A new nonprofit is seeking to capitalize on the Lake Martin area's musical talent, turning Dadeville's courthouse square into an entertainment district.
With a fundraising drive through August, the 501(c)(3)-registered Dadeville Performing Arts Center hopes to secure the $250,000 needed to launch by October of this year.
"Our motto is 'building community through music,'" said board president Kim Walls, a former music education professor at Auburn University. "We want to involve all parts of the community and we're going to be reaching out to all types of musicians and people who want to learn music, and people who want to come listen to music."
For phase one of the project — Dadeville Performing Arts Center eventually seeks to relocate to larger, auditorium-sized space in phase two — that might include classes for seniors in the morning, school children in the afternoon and then jam sessions or professional performances by night. While arts of all kinds are welcome, music is the emphasis.
The main step between then and now, however, is the $170,000 purchase of the building the nonprofit has already identified facing the Tallapoosa County Courthouse. Women's clothing store Ellaby Boutique, its current occupant, will be moving next door.
"This building is in pretty good shape and our operating expenses shouldn't be that high, (from) what we've calculated," Walls said. "And we've got such a large membership already joining with us that I think we'll be in good shape."
As for the talent, the board and its supporters — primarily comprised of Lake Martin retirees — is confident will come easy. Board member Mickey Tarpley said he knows of several musicians who have settled down on the lake.
"People just do not realize what's sitting out there that has not been cultivated," he said.
By the same token, Dadeville Performing Arts Center does not expect much difficulty attracting touring professionals to their space.
"With all the people who've moved to the lake who are used to Atlanta and New York and all that, I think they're going to be expecting some high-power performances," Walls said. "And we'll certainly have classical music too."
The nonprofit has also seen support from other local arts groups, including visual arts collective Everything's Art and new film and theater nonprofit 3 Hilltops ACTs, which had its grand opening last week. 3 Hilltops ACTs founder Bobby Hill, who has theater background, expressed interest in sharing spaces.
As for the casual musicians — or those hoping to learn — Walls said she's received a lot of interest from locals willing to volunteer as teachers, with the potential for paid lessons space as well.
According to Walls, the market is proven.
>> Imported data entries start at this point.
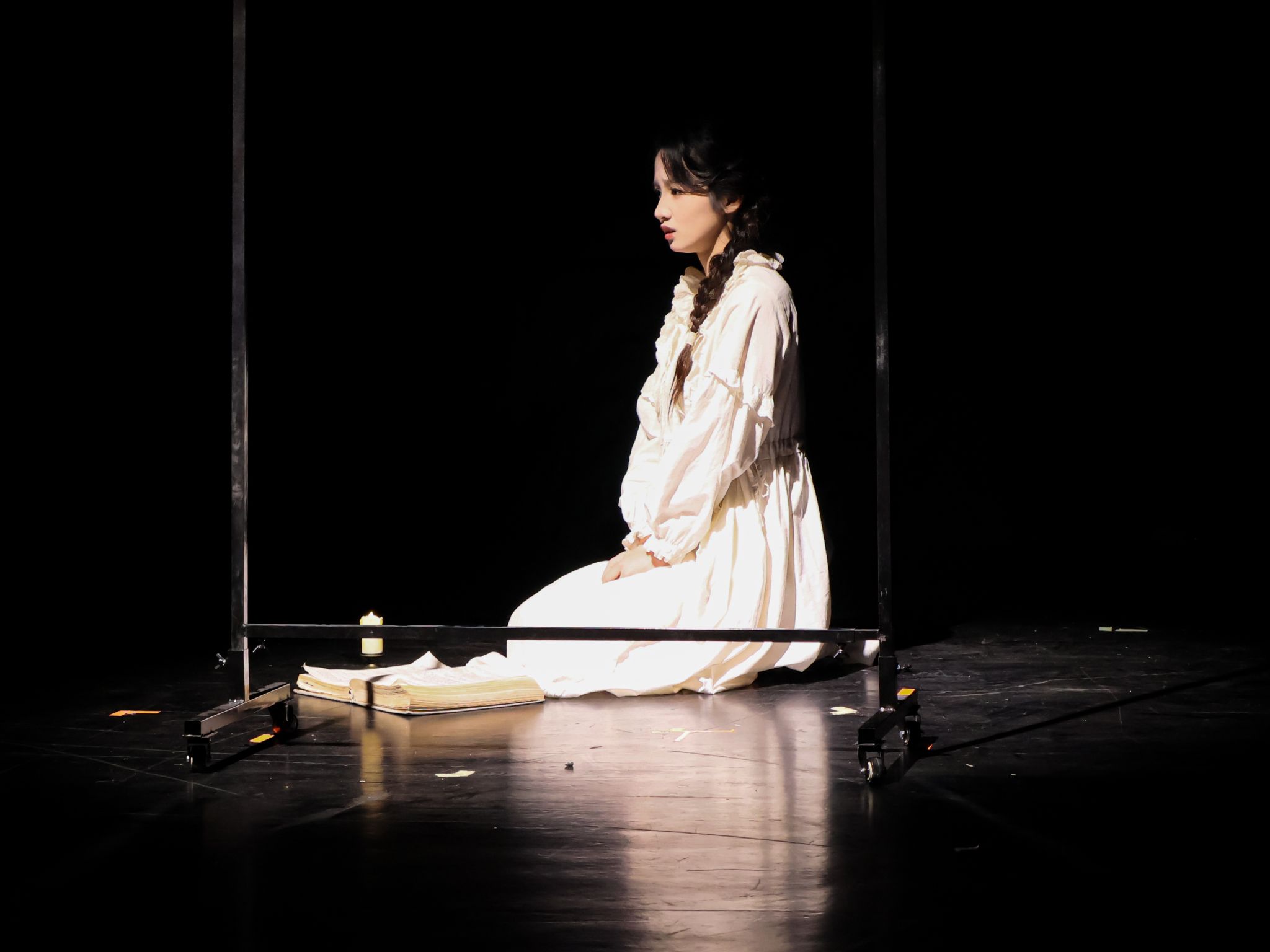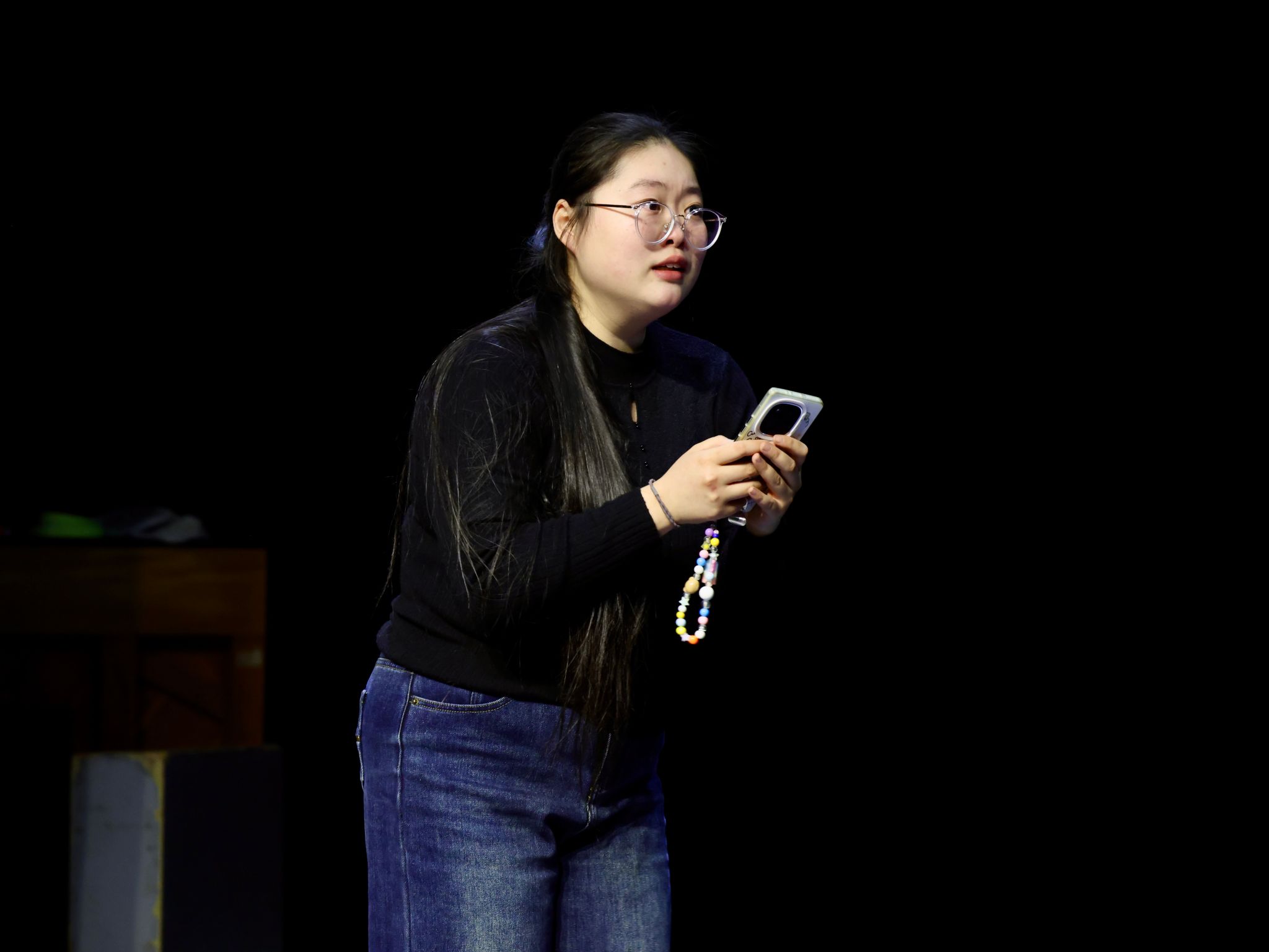 剧目《黑色夜晚》由张艺洳主演、刘英康老师指导,讲述了一个女孩在深夜突遭父丧与巨额债务的双重打击,在崩溃边缘,因放不下对母亲的责任而放弃轻生,最终在无尽的黑暗与孤独中,被迫继续负重前行的故事。
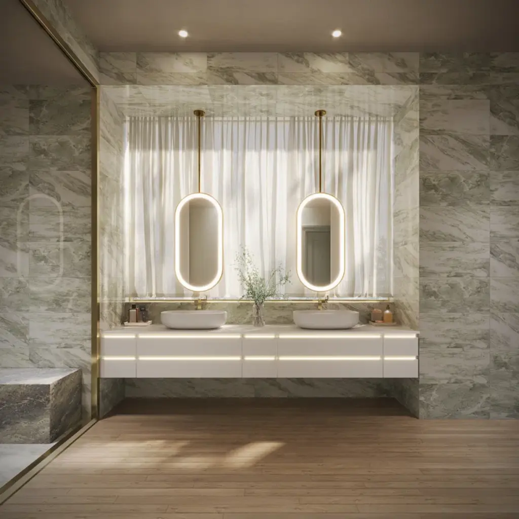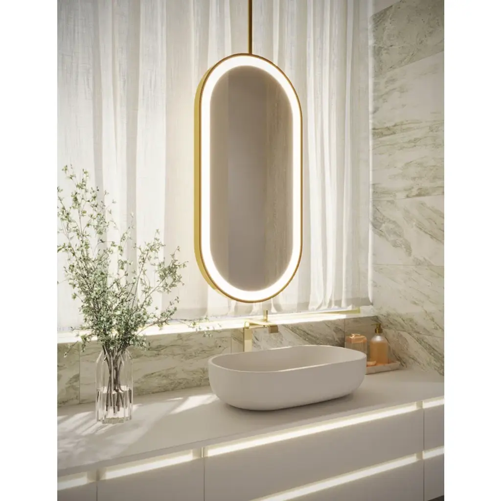 The Sculpt Hanging Lighted Mirror encapsulates elevated living through its architectural forms, finishes, and full illumination task lighting. By reimagining getting ready areas as spaces that can soothe, enhance, and inspire wellbeing, Sculpt brings a transformative addition to any corner of your home through its unique suspension and radiant light.
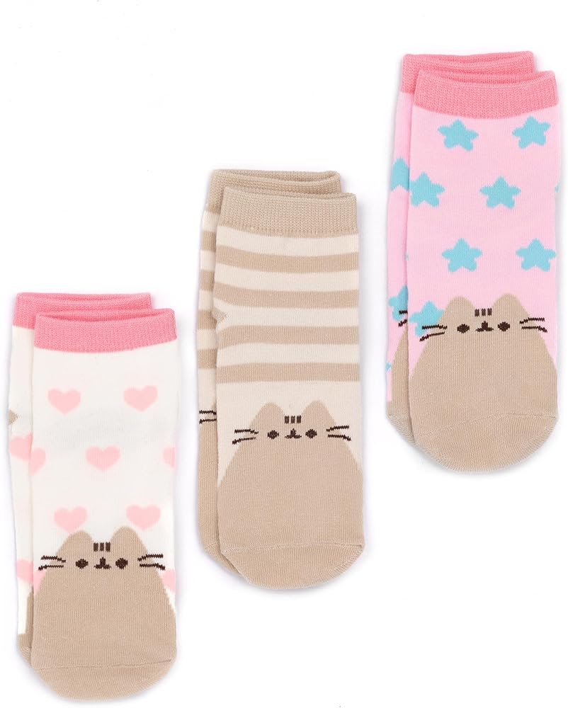 4 أزواج من جوارب PUSHEEN للفتيات - حافظي على دفء أصابع قدميك ودافئة مع مجموعة جوارب Pusheen المتنوعة الرائعة المكونة من 3 قطع والتي تأتي باللون الوردي والرمادي. هذه المجموعة هي هدية سهلة الاستخدام لحشو جوارب عيد الميلاد!
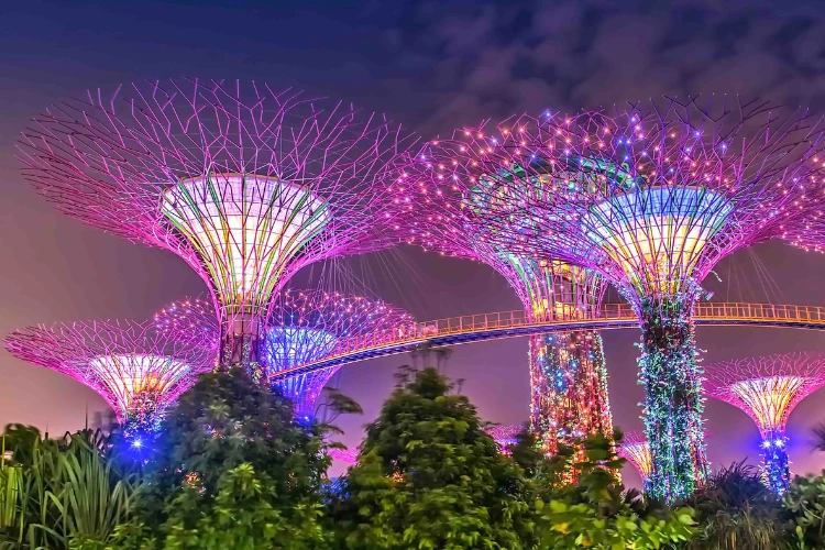 Adjacent to Marina Bay, Gardens by the Bay is a futuristic oasis featuring the iconic Supertree Grove and expansive conservatories like the Flower Dome and Cloud Forest. The Supertrees come alive in the evening during the Garden Rhapsody light show, creating a magical atmosphere. For a unique perspective, stroll along the OCBC Skyway, which offers stunning aerial views of the gardens.
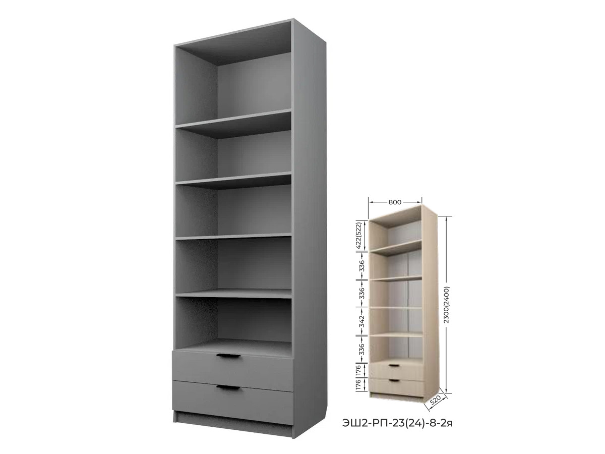 Шкаф с 2 ящиками с полками Экон ЭШ2-РП-23-8-2я с зеркалами
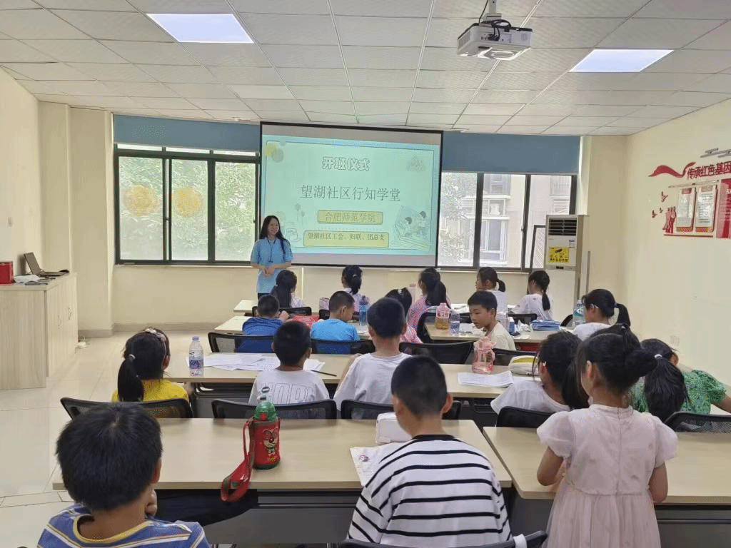 望湖行知学堂于合肥市包河区望湖社区开办,在社区委员、社区妇联主席的倾心支持和帮助下,创新性地在福桂苑党群服务中心和滨湖春天党群服务站开办一个学堂两个班级,根据小学员的年龄特征规划开设党史学习、安全教育、传统文化教育、音乐素养、手工制作等课程。开办期间,学院领导老师们一直关心着学堂成长,关心着小先生和小学员们的健康发展,经常与小先生们沟通联系,讨论更体系化、更全面性的课程建设与安全保障。
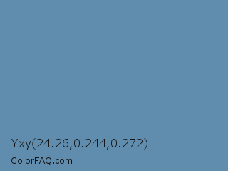 Yxy 24.26,0.244,0.272 Color is a normal blue color and the nearest color is Air Force Blue RAF #5d8aa8. Hex code #608cad and RGB value is rgb(96,140,173). In RGB color space, this color is composed of 38% red, 55% green, 68% blue, In CMYK color space, this color is composed of 45% cyan, 19% magenta, 0% yellow , 32% black , In HSL color space, this color has a hue angle of 206° , 32% saturation and 53% lightness.
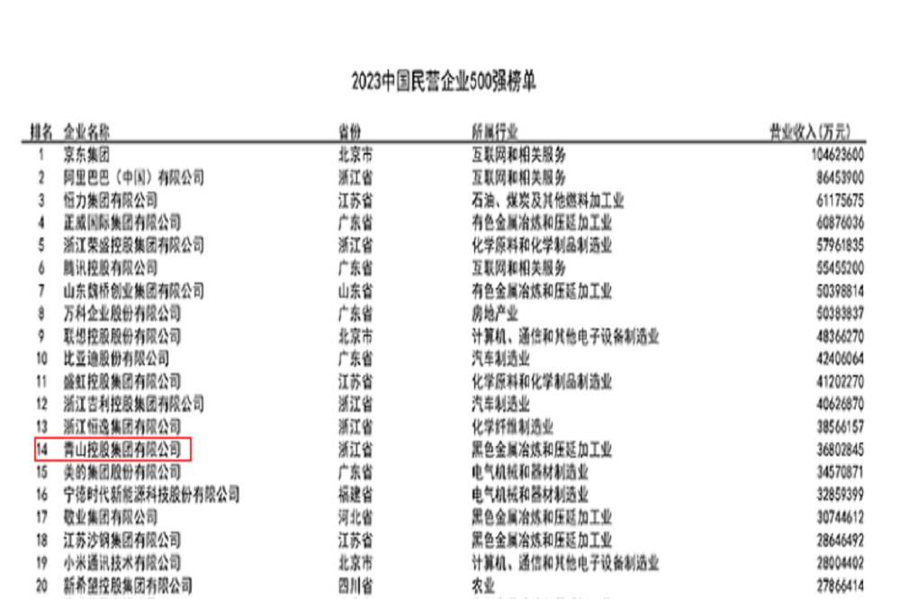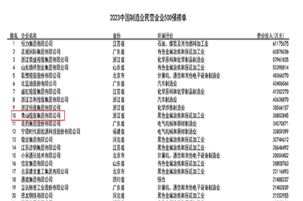 中国制造业民营企业500强第10位
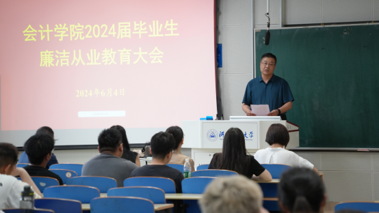 6月4日下午,tyc122cc在北三教B301教室举办2024届毕业生廉洁从业教育大会,公司党委书记王继伟、党委副书记程丽梅以及全体毕业班辅导员出席,tyc122cc近200名毕业生代表参会。
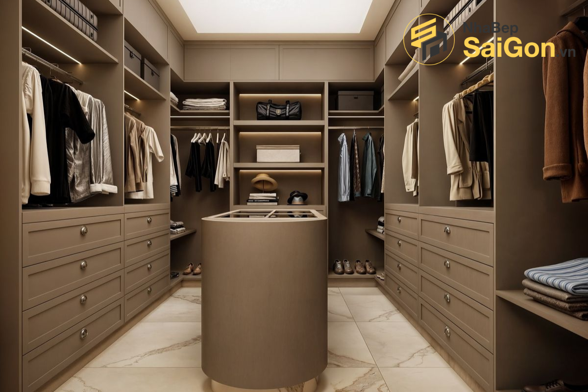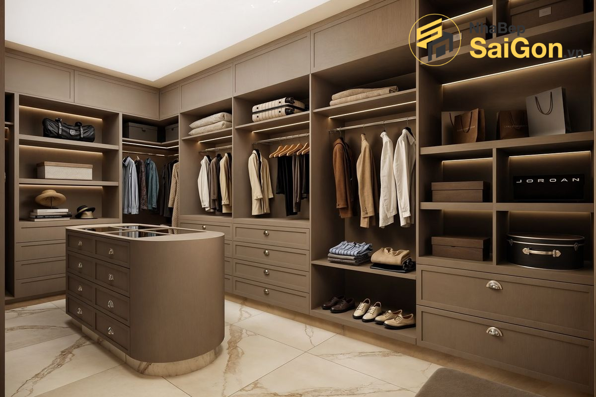 Mẫu Phòng thay đồ PTD009 được thiết kế với sự chú trọng đặc biệt vào việc tối ưu hóa không gian lưu trữ. Hệ thống tủ kệ được bố trí khoa học, phân chia rõ ràng cho từng loại trang phục, phụ kiện, giày dép. Các ngăn kéo trượt êm ái, hộc tủ âm tường, thanh treo đồ linh hoạt giúp bạn dễ dàng sắp xếp và tìm kiếm mọi thứ một cách nhanh chóng. Bên cạnh đó, việc tích hợp các ngăn chứa chuyên dụng cho trang sức, cà vạt, thắt lưng, túi xách góp phần nâng cao tính tiện dụng và đẳng cấp cho không gian.
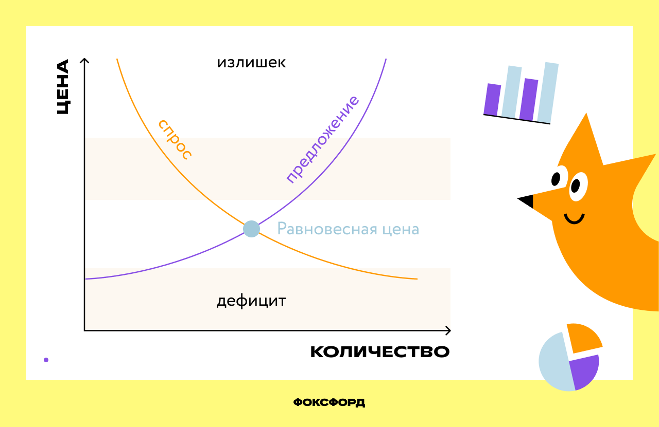 Если товара на рынке больше, чем нужно покупателям, — его цена падает, и продавцы могут разориться. Если число желающих приобрести товар превысит количество товара на рынке — возникает дефицит, и цена на товар увеличивается.
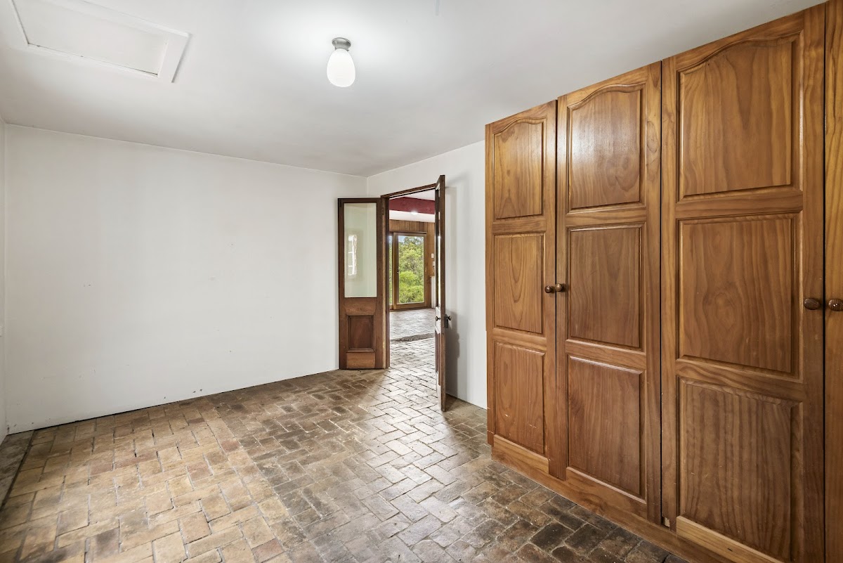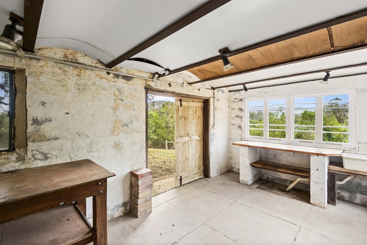 The driveway quickly splits after entering which gives both abodes a sense of privacy. The main house has a breathtaking outlook over the valley which has been well captured with the french style viewing deck which has a cellar/art studio below. It has brick floors, a wood + combustion heater, spilt system air condition and viking sliding doors. The house is in its original condition though is well built. There is a large retaining wall at the rear which is great for parking, and has strong potential to make lots of extra storage if you were to enclose it with a roof and one wall. It was just recently rented for $420 p/w which has potential to increase the rent slightly to $440-$450p/w.
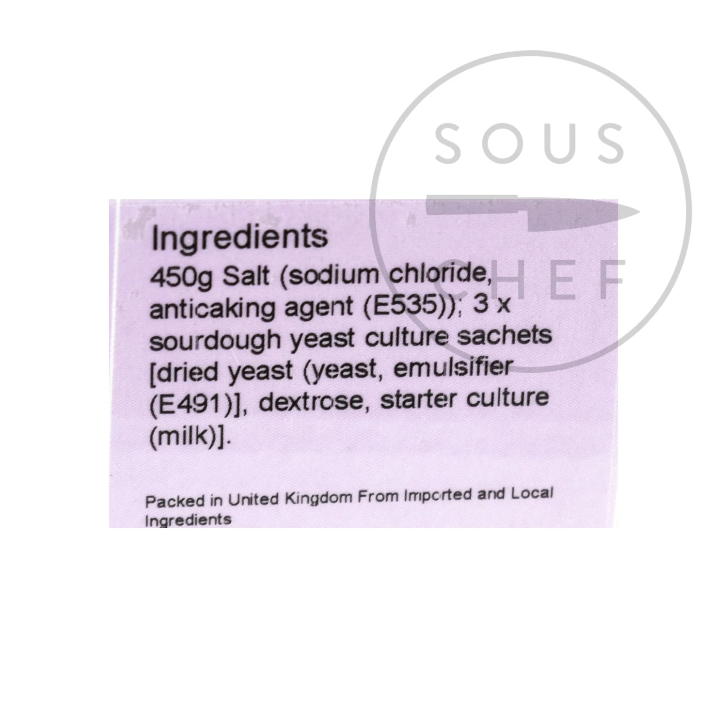 Kit contents: instant sourdough starter culture (enough to make 6 x 500g loaves), artisan salt, muslin cloth, dough scraper, dough whisk, kit instructions, recipe booklet.
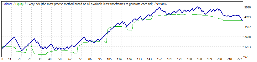 | 100 | H1 | EURJPY | 3.0 | MT4 MT5 | 5552 | Bar & Tick | 2196.25 | 553 | 1.31 | 1.19 | 3.97 | 1677.79 | 38.45 | 16.64 | -25.56 | 151.93 |

"For example, I learned how to play the mountain dulcimer a couple years ago because there were these four other ladies that said 'we have these instruments, we don't know what to do' and I said well, let's go learn," she said, referring to the traditional Appalachian, zither-like instrument. "And before you knew it we had 30 senior citizens who had learned how to play the mountain dulcimer. So now we have the Lake Martin Dulcimer Club."